Ensemble des habitudes des croyances intégrées, des savoir-faire maîtrisés qui procurent à quelqu’un un sentiment de sécurité.

Sommes-nous enchainés à cette zone de confort? Pas du tout. Ceux qui souhaitent y échapper n’ont qu’à puiser dans leur imagination.

Imaginons un politicien qui ne veut pas sortir de sa zone de confort. Qu’est-ce que ça signifie? Le plus souvent, il a contourné la question; il a refusé de répondre; il n’a pas voulu se prononcer; il n’a pas voulu s’aventurer plus loin.

Vous êtes sorti de votre zone de confort. Vous avez osé. Vous vous êtes aventuré à faire telle chose. Et pourquoi pas? Vous êtes allé un petit peu plus loin, vous avez pris des risques.

En poussant la réflexion, on peut vouloir sortir de son cocon, de ses rituels, faire les choses autrement, faire preuve d’imagination, etc. Bref, s’avancer.

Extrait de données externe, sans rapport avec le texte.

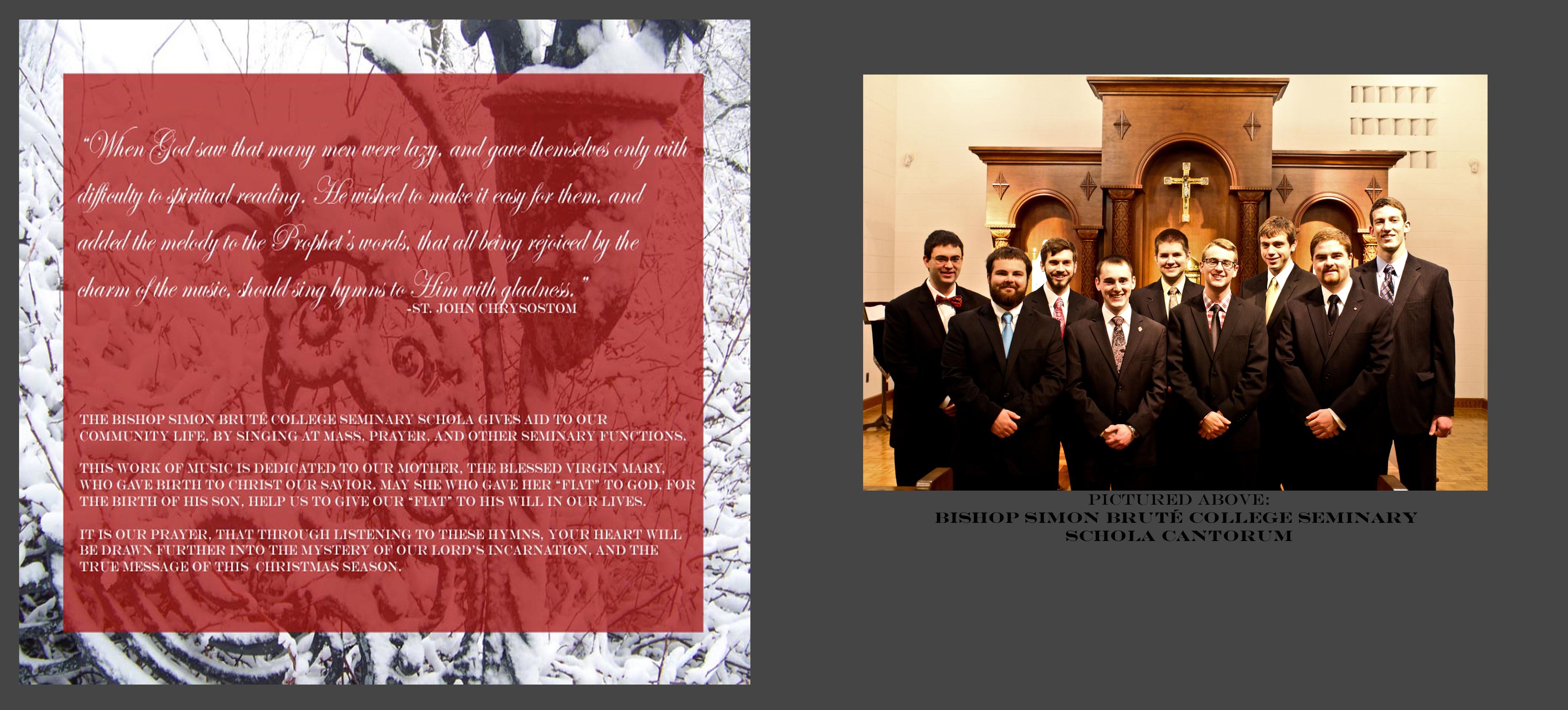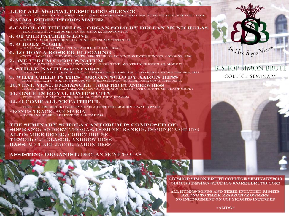 I recorded, digitally edited audio of the Schola singing, as well as designed the case and CD. I also worked with choosing the hymns and chants that would be burned. The CD’s came plastic wrapped, with the audio filed burned on each one. They were sold not for profit: $5 each.

Dans certains cas, on pourra employer la bonne vieille expression sortir des sentiers battus.

On voit que le contexte nous aide à reformuler. Penser en français aussi.

Vous n’êtes pas dans votre zone de confort. Qu’est-ce que ça signifie en mots simples?

(Temps de réflexion.)

« Je suis mal à l’aise. »

Tout simplement.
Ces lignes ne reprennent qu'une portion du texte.